But the underdog story is not as romantic as it looks

Girona FC's Ukrainian forward #09 Artem Dovbyk celebrates scoring his team's second goal during a Spanish League football match.
Photograph: Getty Images

THE RACE to win La Liga is usually a two-horse affair. In the 21st century Real Madrid and Barcelona have won a combined 19 out of 23 titles in Spanish football’s top division. Yet this season an outsider is challenging the duopoly. Girona FC, from a city around 100km north of Barcelona, sit second in the table, nestled above their Catalan neighbours and below Real. A heavy defeat in Madrid on February 10th has lowered Girona’s chances of winning a first league title. But the upstarts at least look likely to qualify for the Champions League, Europe’s premier club competition. That is a remarkable achievement for a club enjoying only its fourth season in Spain’s top flight.

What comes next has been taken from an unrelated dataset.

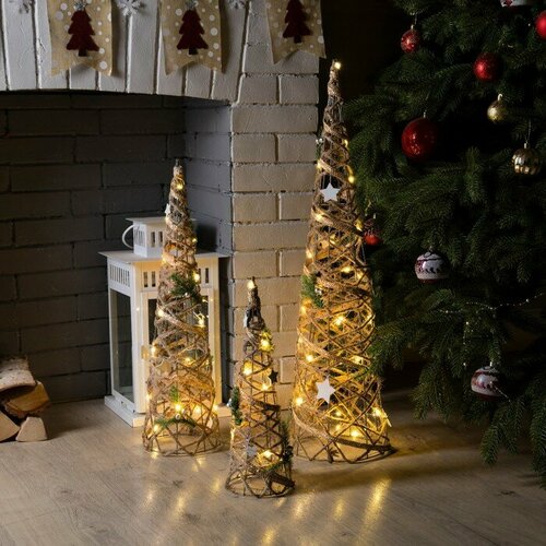 Светодиодная фигура «Конусы серые» 40, 60, 80 см, текстиль, металл, батарейки ААх2 (не в комплекте), свечение тёплое белое
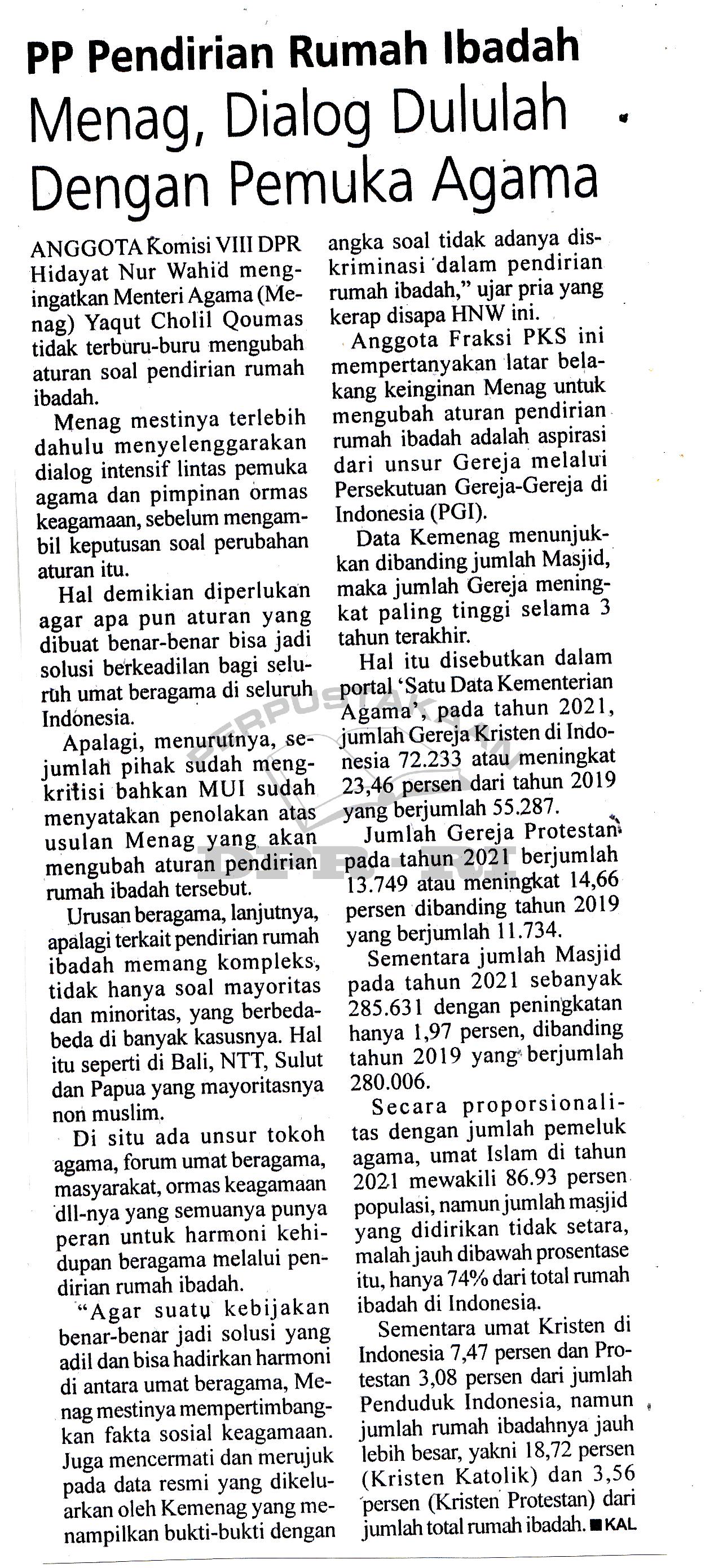 | Kata Kunci | PP Pendirian Rumah Ibadah, Komisi VIII, Hidayat Nur Wahid, Menag, Yaqut Cholil Qoumas |

Fans of European football have cheered on several underdog stories in recent years. Last season Napoli, from southern Italy, beat a host of richer rivals in Serie A to win their first scudetto since 1990. In Germany Union Berlin, a side with working-class roots from the east of the capital, qualified for the Champions League for the first time. And who could forget Leicester City winning England’s Premier League in 2016—a 5,000-to-1 shot before that season’s opening day?